(Data)
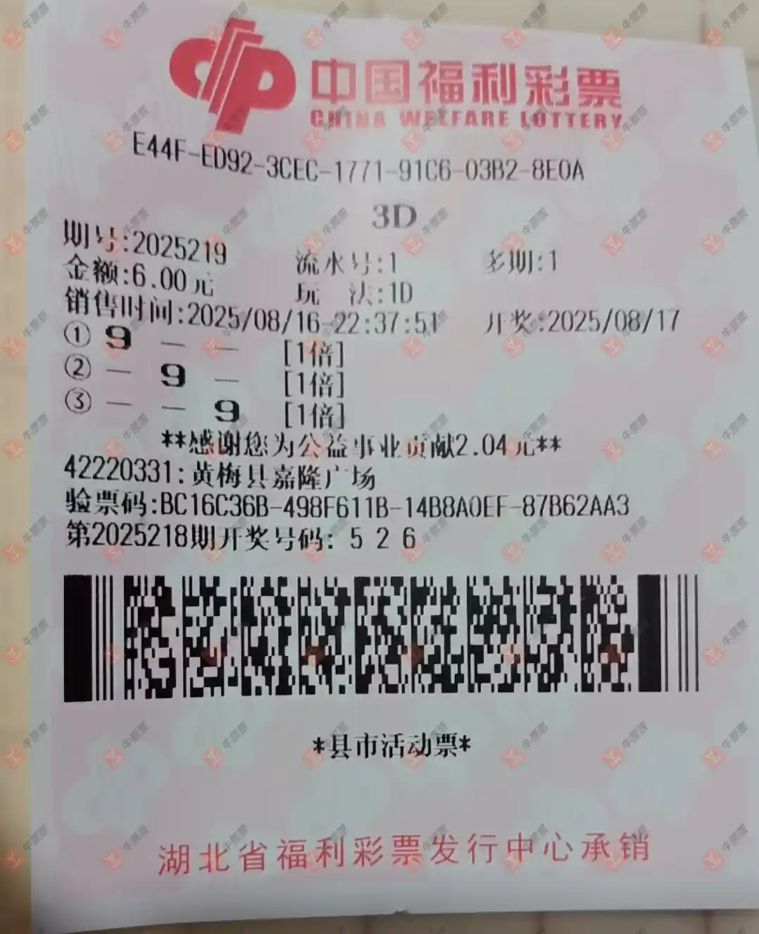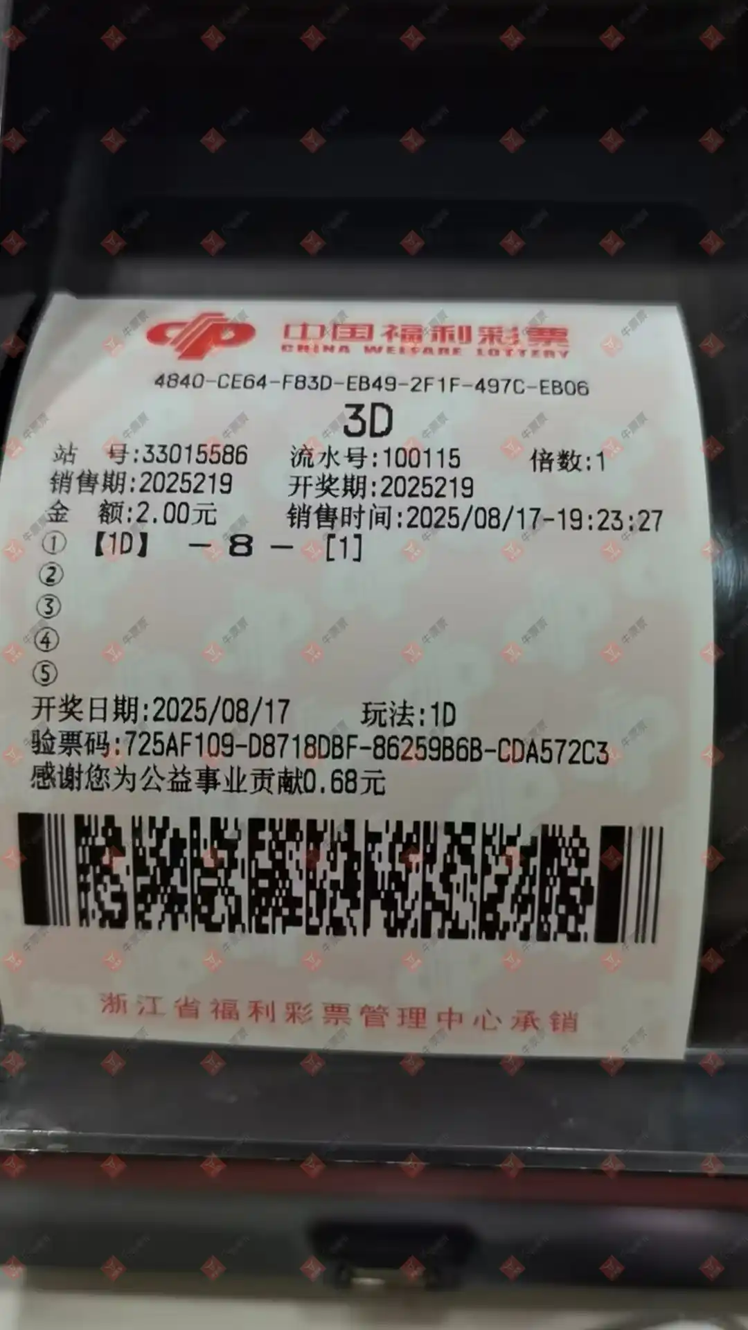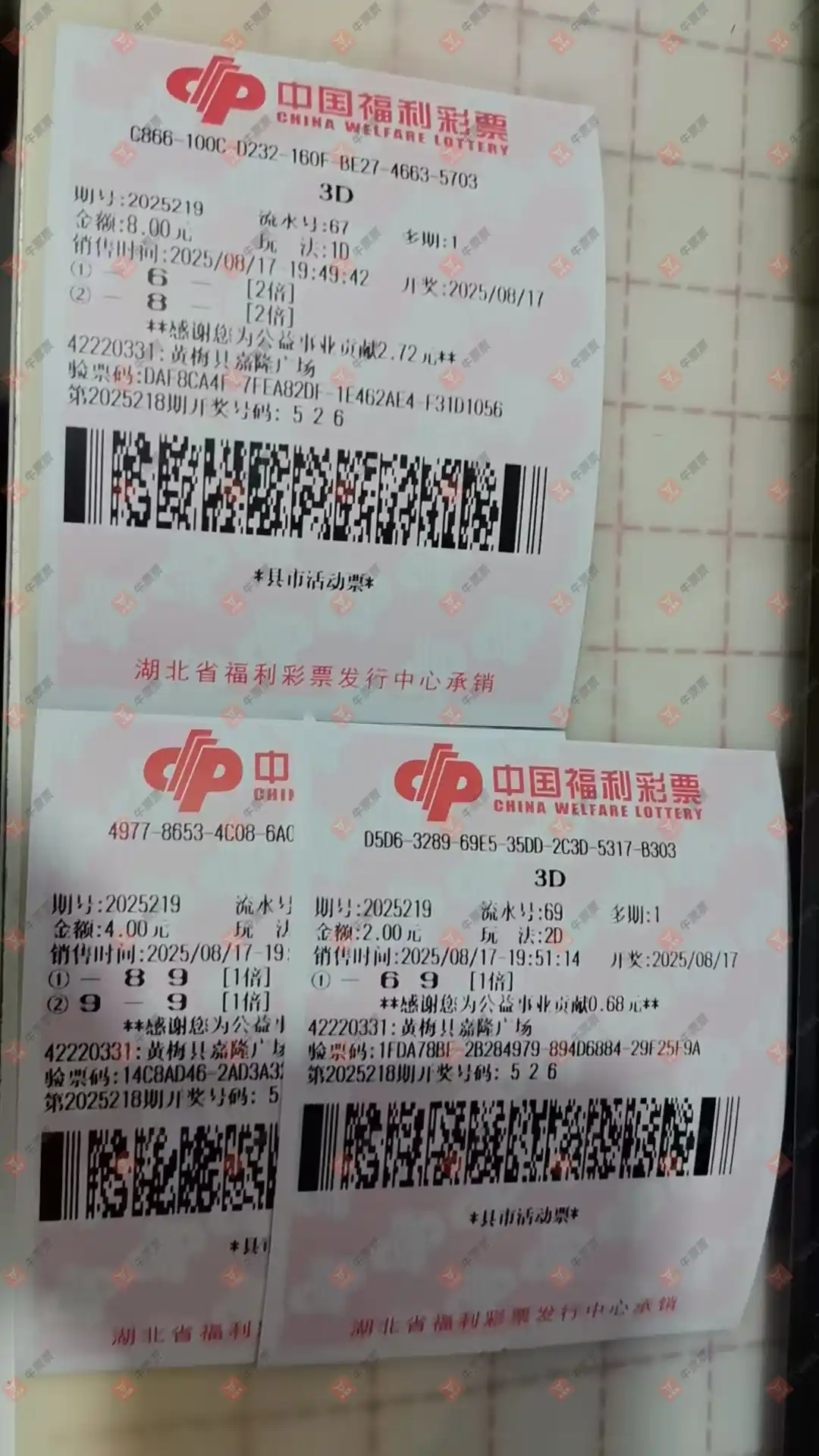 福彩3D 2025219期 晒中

* * *

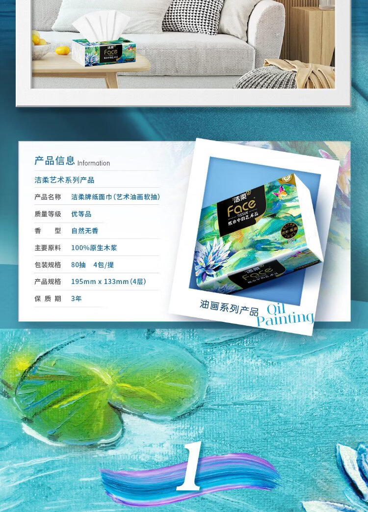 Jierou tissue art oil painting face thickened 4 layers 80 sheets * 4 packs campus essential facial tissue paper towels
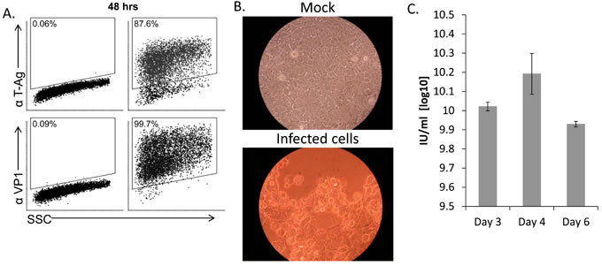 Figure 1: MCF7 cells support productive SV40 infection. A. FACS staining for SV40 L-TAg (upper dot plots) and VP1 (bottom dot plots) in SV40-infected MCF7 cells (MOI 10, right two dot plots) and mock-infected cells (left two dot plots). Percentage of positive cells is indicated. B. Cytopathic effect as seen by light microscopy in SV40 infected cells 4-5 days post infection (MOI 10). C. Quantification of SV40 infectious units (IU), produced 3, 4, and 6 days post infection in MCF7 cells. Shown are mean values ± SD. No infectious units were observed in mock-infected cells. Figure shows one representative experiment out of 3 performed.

* * *

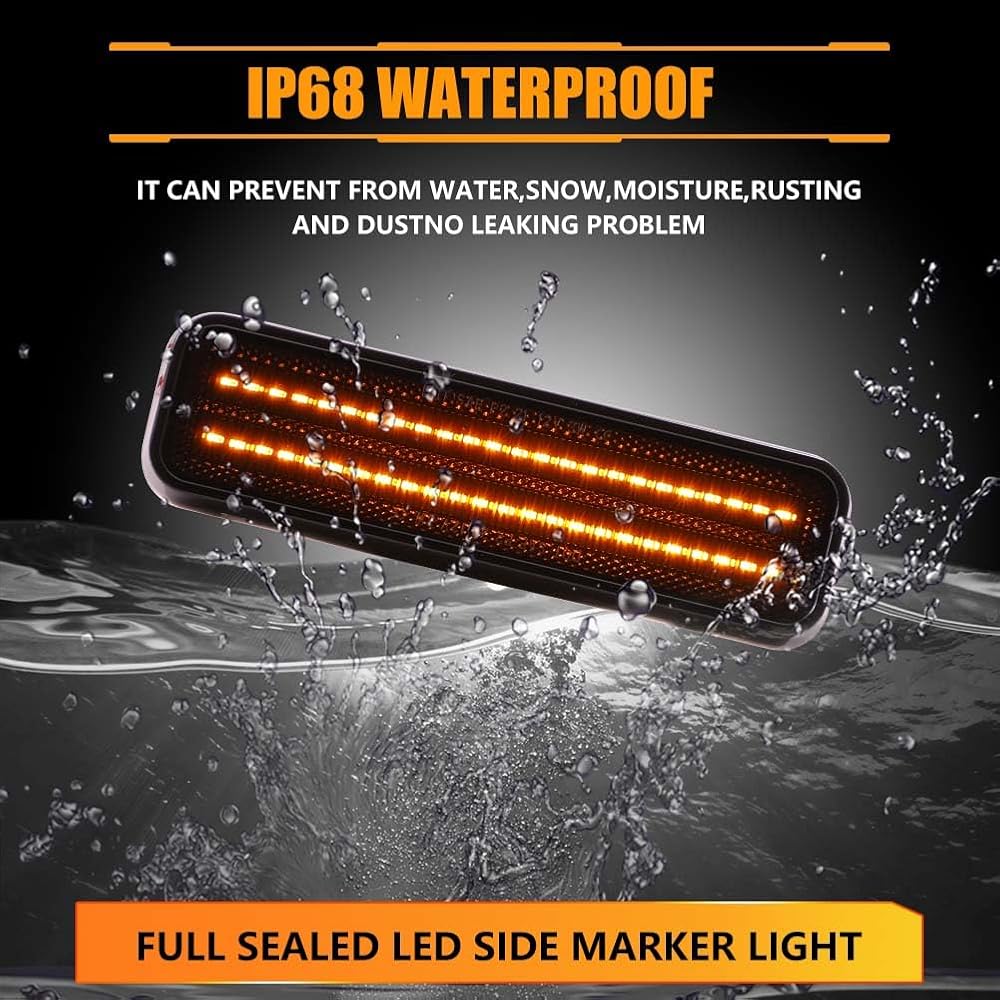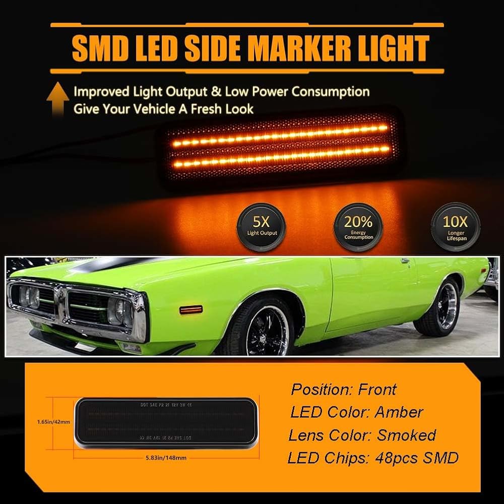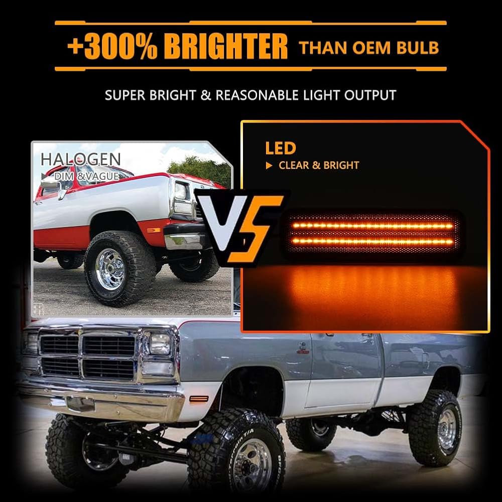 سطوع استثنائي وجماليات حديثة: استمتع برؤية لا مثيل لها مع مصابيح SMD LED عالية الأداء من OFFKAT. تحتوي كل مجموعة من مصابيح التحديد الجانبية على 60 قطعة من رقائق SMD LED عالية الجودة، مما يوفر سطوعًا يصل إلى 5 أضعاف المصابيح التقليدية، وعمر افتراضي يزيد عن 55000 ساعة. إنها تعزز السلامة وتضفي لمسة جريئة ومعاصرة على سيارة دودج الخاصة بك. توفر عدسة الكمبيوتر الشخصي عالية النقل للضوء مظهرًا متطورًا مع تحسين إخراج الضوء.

(Problem statement)
Exactly reproduce the lines above, starting at the one that contains "Jierou tissue art" and ending at the one that contains "Figure 1: MCF7", both inclusive; leave the pictures out and add no other lines.

(Answer to the problem)
 Jierou tissue art oil painting face thickened 4 layers 80 sheets * 4 packs campus essential facial tissue paper towels
 Figure 1: MCF7 cells support productive SV40 infection. A. FACS staining for SV40 L-TAg (upper dot plots) and VP1 (bottom dot plots) in SV40-infected MCF7 cells (MOI 10, right two dot plots) and mock-infected cells (left two dot plots). Percentage of positive cells is indicated. B. Cytopathic effect as seen by light microscopy in SV40 infected cells 4-5 days post infection (MOI 10). C. Quantification of SV40 infectious units (IU), produced 3, 4, and 6 days post infection in MCF7 cells. Shown are mean values ± SD. No infectious units were observed in mock-infected cells. Figure shows one representative experiment out of 3 performed.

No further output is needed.